Ward moves from Perth, Western Australia, to Melbourne, Victoria, as a young woman, and predictably has to make her own way in the big city. She shares houses but mostly lives alone. She goes to university and gains her degree. She lands her ‘dream job’ but loses it to a male in the ‘recession we had to have’, as it was termed by the then Federal Treasurer Paul Keating, in 1990.
This job-loss was probably a defining point in Donna’s personal development. Where professional status might have compensated an early lack of unconditional love and brought her earning capacity and social rank up to something recognisable to her former peers, her job-loss plunges her into indeterminate socio-economic status. In parallel with other isolated social and economic victims of economic rationalism, she must individually craft a new survival path. She achieves this with difficulty, an exotic traveller in the new age, finally emerging as a neo-classical philosopher on non-marriage.
Descriptions of her social encounters give the reader a sense of her tumbling around in a sea of strangers interspersed with special friends and lovers poetically anonymised for publication as archetypes or as characters in Ancient Greek tales.
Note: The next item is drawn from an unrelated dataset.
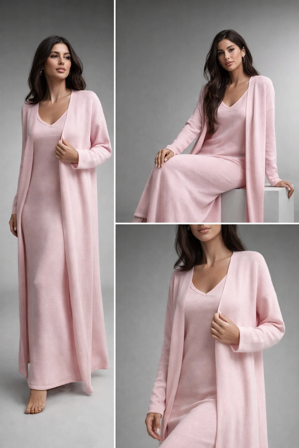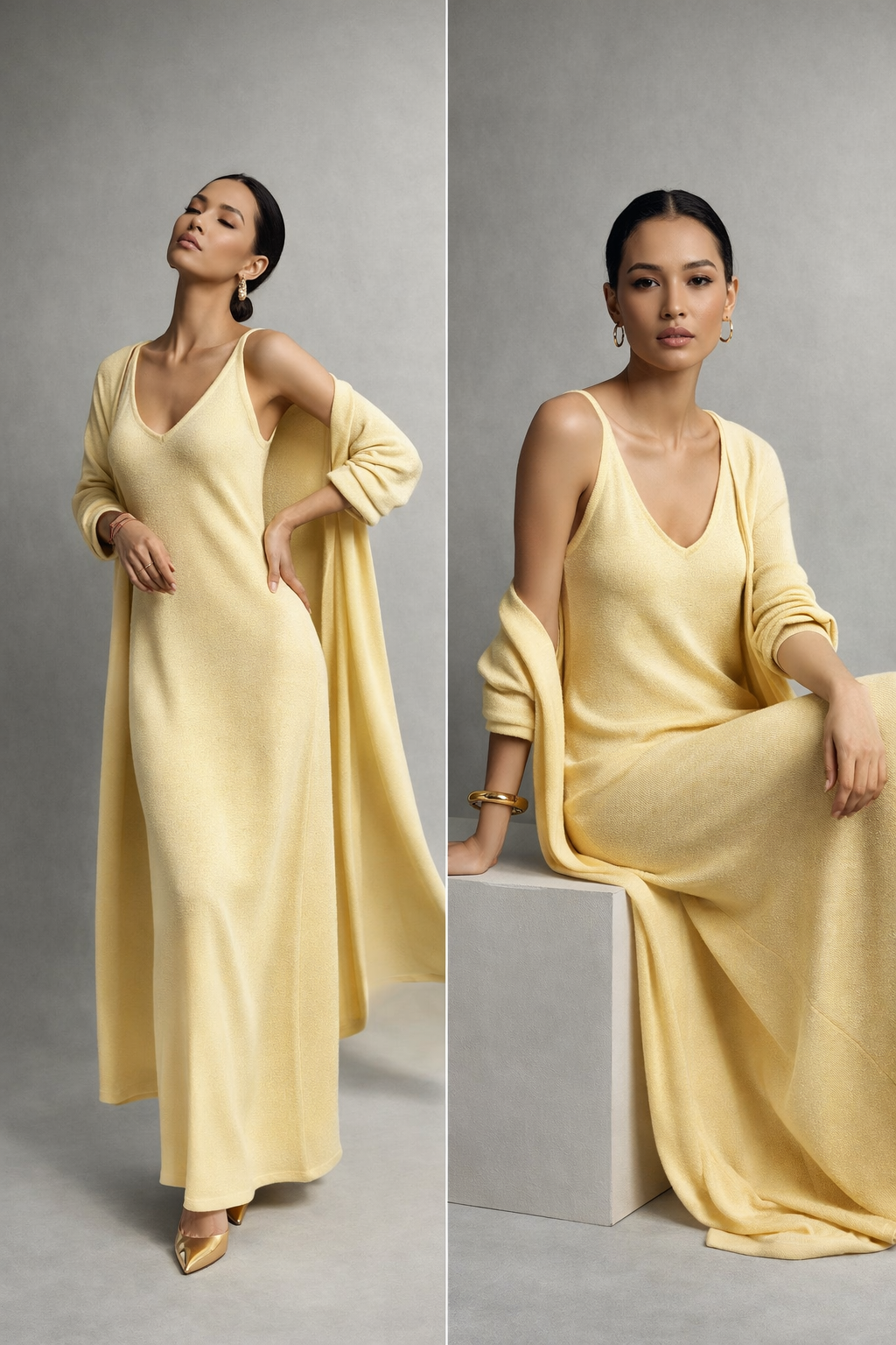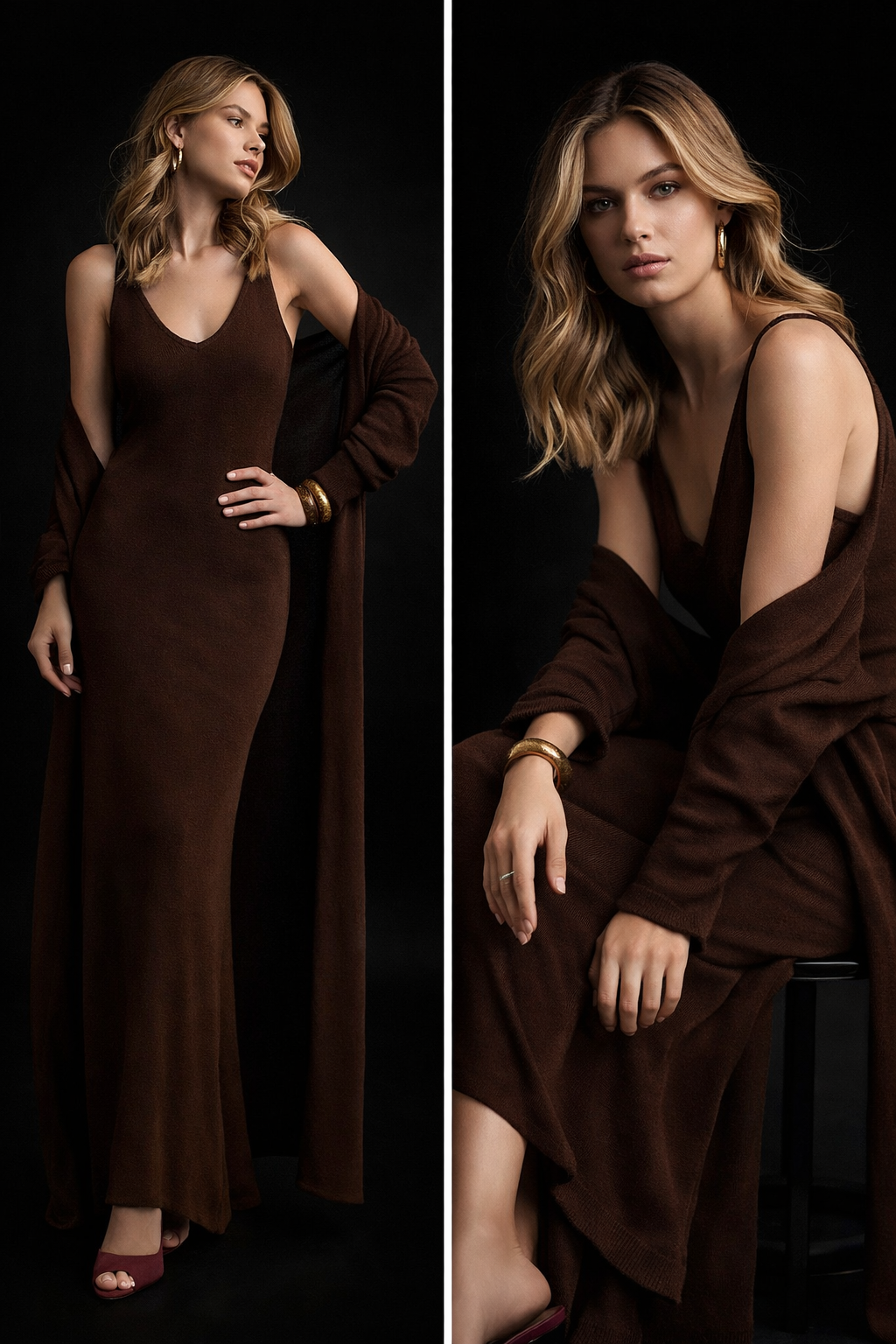 Knit maxi dress and cardigan set energy for women who want polish without the performance. This soft, body-skimming co-ord set pairs a sleeveless knit maxi with a long, fluid layer for that effortless quiet luxury outfit mood.
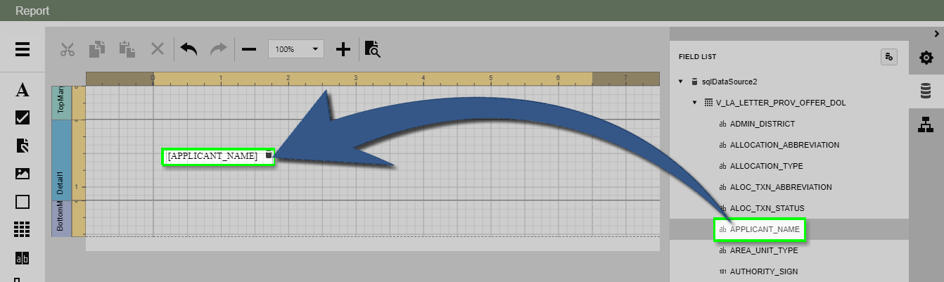 The Field List lists available report data sources and displays their structure. Dragging a field from the Field List onto the Design Surface creates a new Label bound to that data field.

Our heroine or protagonist does her best with what she encounters. The life she grapples with is one that has no markers or guideposts and she feels herself to be at the mercy of the preferences of the males she becomes involved with, or the narrative they see for their lives, with respect to other female players. Then again, it was she who decided not to go through with marriage to a Japanese fiancé. In her chapter, ‘The Weight of a child’, we glimpse another of life’s cul-de-sacs as she briefly recollects terminating a pregnancy that resulted from rape.
“I could not have that child, the conception had been so rude. The way his father pushed me onto the couch, held me at the throat, tore my panties and took his revenge, took what I had denied him years before. […] In the autumn of 1977, when the jacarandas were yellowing and the plum trees sapping their leaves, I let that child go, lest I be tied to his father for the rest of my life. I believed another child would come along. (Ward, Donna. She I Dare Not Name: A spinster's meditations on life (pp. 248-249.)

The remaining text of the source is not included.